### Directions for this task
Write out exactly, and only, the lines below from the line with "Áo thun xám" through the line with "由于機(jī)構(gòu)的"; pictures do not belong in the copy.

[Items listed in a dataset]
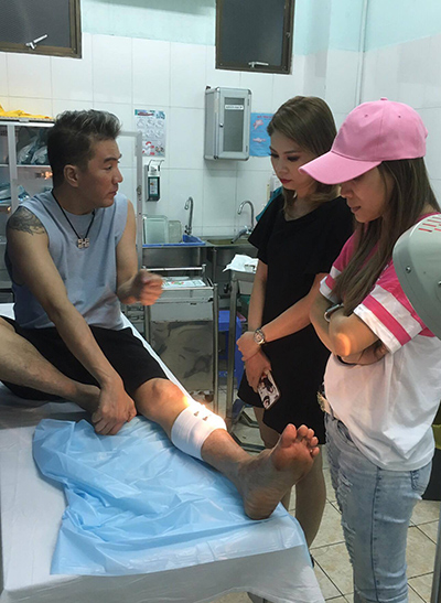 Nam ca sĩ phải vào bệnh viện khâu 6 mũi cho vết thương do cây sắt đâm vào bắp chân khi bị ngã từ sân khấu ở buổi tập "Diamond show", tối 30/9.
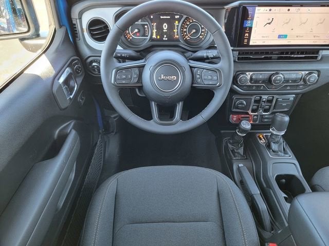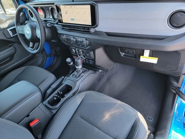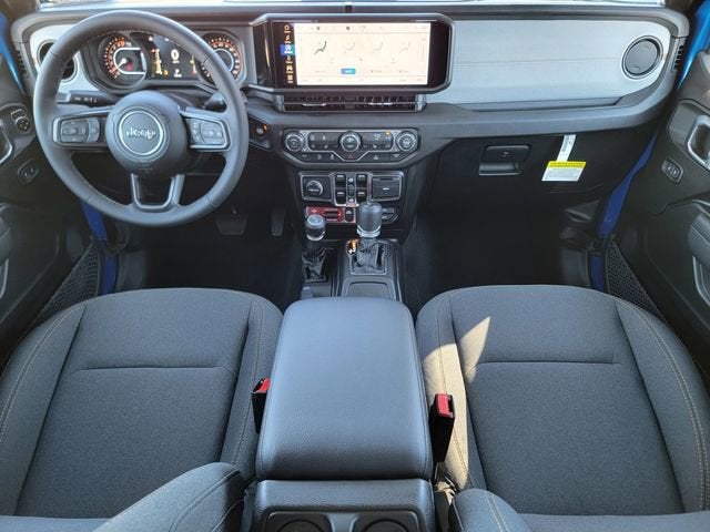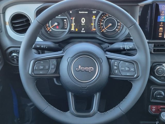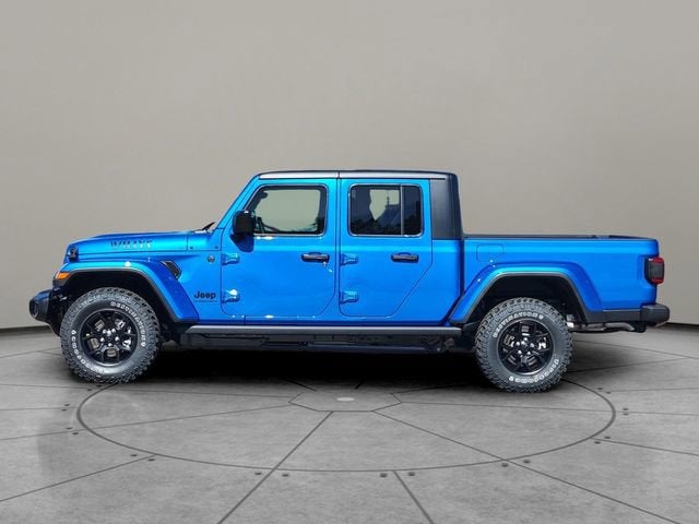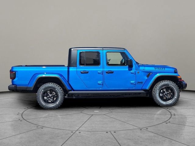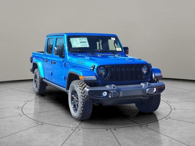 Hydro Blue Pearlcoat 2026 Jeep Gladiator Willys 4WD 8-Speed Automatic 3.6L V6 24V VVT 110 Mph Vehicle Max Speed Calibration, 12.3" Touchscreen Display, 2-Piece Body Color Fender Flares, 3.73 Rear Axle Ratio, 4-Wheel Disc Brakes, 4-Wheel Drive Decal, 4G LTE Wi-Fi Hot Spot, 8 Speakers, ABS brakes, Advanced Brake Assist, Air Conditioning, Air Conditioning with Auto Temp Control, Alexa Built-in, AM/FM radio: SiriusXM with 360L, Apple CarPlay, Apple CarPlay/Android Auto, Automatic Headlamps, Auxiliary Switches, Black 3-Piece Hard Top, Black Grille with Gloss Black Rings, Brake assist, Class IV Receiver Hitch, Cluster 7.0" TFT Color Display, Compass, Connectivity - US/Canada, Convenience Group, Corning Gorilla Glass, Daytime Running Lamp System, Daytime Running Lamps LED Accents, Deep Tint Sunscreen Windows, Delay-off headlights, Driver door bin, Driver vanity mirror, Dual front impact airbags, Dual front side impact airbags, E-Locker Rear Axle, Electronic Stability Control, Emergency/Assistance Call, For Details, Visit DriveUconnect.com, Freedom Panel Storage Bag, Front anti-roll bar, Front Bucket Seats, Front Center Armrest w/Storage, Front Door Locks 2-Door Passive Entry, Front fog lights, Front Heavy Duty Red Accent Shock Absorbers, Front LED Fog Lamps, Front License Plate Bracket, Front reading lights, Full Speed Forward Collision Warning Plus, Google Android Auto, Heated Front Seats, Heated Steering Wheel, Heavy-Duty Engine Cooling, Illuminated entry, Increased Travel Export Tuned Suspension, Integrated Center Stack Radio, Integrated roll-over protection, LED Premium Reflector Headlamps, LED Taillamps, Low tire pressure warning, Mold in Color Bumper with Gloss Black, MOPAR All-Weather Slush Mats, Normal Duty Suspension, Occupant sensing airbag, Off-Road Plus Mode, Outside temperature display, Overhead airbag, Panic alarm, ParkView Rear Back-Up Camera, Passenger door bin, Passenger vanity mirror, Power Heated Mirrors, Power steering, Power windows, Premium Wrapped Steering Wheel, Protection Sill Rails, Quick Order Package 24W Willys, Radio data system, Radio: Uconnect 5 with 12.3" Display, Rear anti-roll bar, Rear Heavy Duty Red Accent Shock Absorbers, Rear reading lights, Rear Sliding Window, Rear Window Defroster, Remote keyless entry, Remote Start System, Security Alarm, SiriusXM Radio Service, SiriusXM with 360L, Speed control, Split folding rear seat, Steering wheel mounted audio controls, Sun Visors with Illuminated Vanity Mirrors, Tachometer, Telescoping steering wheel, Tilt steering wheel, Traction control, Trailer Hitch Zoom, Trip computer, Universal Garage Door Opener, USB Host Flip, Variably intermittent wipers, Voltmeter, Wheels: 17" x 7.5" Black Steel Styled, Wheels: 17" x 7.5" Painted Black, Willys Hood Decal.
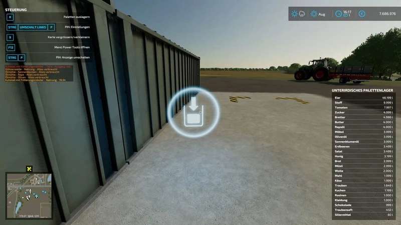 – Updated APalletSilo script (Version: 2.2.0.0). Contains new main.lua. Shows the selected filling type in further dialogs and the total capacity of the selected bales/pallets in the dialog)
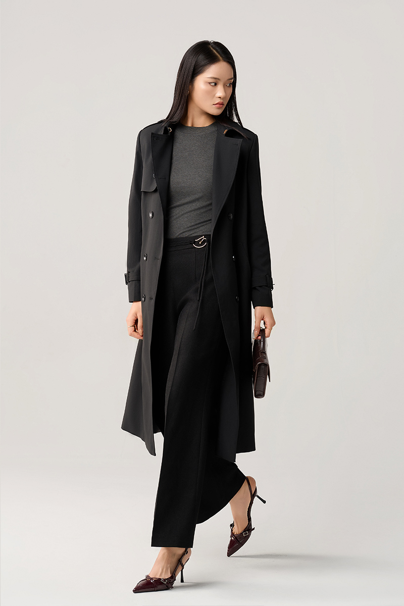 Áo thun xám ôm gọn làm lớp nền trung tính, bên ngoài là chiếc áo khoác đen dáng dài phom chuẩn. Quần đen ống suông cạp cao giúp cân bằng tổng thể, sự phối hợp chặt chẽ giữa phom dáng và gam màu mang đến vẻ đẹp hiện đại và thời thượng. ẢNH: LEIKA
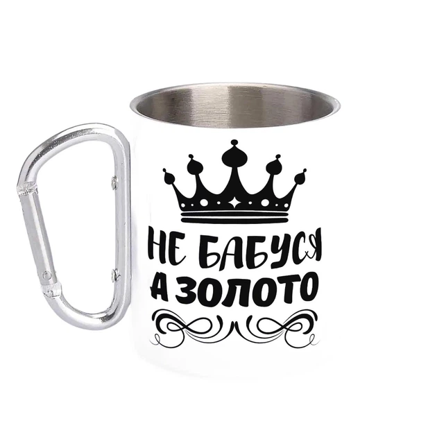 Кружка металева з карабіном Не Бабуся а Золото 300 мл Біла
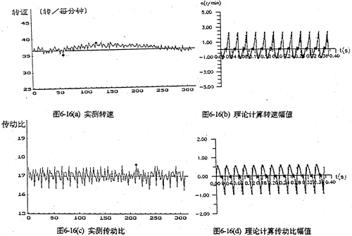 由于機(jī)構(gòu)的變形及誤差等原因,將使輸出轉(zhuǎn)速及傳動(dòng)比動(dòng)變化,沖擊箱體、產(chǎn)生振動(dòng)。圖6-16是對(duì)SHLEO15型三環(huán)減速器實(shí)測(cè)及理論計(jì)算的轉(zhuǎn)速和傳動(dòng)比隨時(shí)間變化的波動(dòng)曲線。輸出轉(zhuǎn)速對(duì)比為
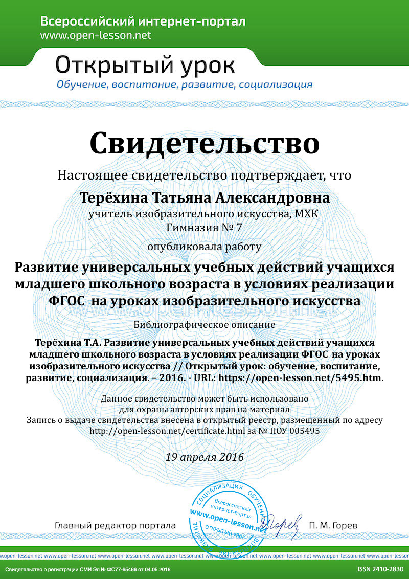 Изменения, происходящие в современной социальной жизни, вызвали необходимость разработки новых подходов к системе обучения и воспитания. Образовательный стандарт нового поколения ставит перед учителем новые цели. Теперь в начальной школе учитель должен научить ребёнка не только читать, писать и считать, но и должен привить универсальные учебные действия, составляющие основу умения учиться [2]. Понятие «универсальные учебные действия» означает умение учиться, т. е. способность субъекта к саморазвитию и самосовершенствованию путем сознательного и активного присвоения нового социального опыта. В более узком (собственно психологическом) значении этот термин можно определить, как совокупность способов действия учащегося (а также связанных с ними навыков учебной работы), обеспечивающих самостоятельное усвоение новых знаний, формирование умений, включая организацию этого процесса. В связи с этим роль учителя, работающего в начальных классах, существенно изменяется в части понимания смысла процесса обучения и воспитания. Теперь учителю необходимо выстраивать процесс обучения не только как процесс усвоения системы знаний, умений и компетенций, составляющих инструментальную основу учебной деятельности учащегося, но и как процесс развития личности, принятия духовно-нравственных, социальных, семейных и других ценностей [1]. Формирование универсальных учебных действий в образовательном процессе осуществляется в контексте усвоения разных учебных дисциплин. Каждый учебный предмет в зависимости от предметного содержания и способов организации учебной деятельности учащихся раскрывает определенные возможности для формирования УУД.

### Task solution
 Áo thun xám ôm gọn làm lớp nền trung tính, bên ngoài là chiếc áo khoác đen dáng dài phom chuẩn. Quần đen ống suông cạp cao giúp cân bằng tổng thể, sự phối hợp chặt chẽ giữa phom dáng và gam màu mang đến vẻ đẹp hiện đại và thời thượng. ẢNH: LEIKA
 Кружка металева з карабіном Не Бабуся а Золото 300 мл Біла
 由于機(jī)構(gòu)的變形及誤差等原因,將使輸出轉(zhuǎn)速及傳動(dòng)比動(dòng)變化,沖擊箱體、產(chǎn)生振動(dòng)。圖6-16是對(duì)SHLEO15型三環(huán)減速器實(shí)測(cè)及理論計(jì)算的轉(zhuǎn)速和傳動(dòng)比隨時(shí)間變化的波動(dòng)曲線。輸出轉(zhuǎn)速對(duì)比為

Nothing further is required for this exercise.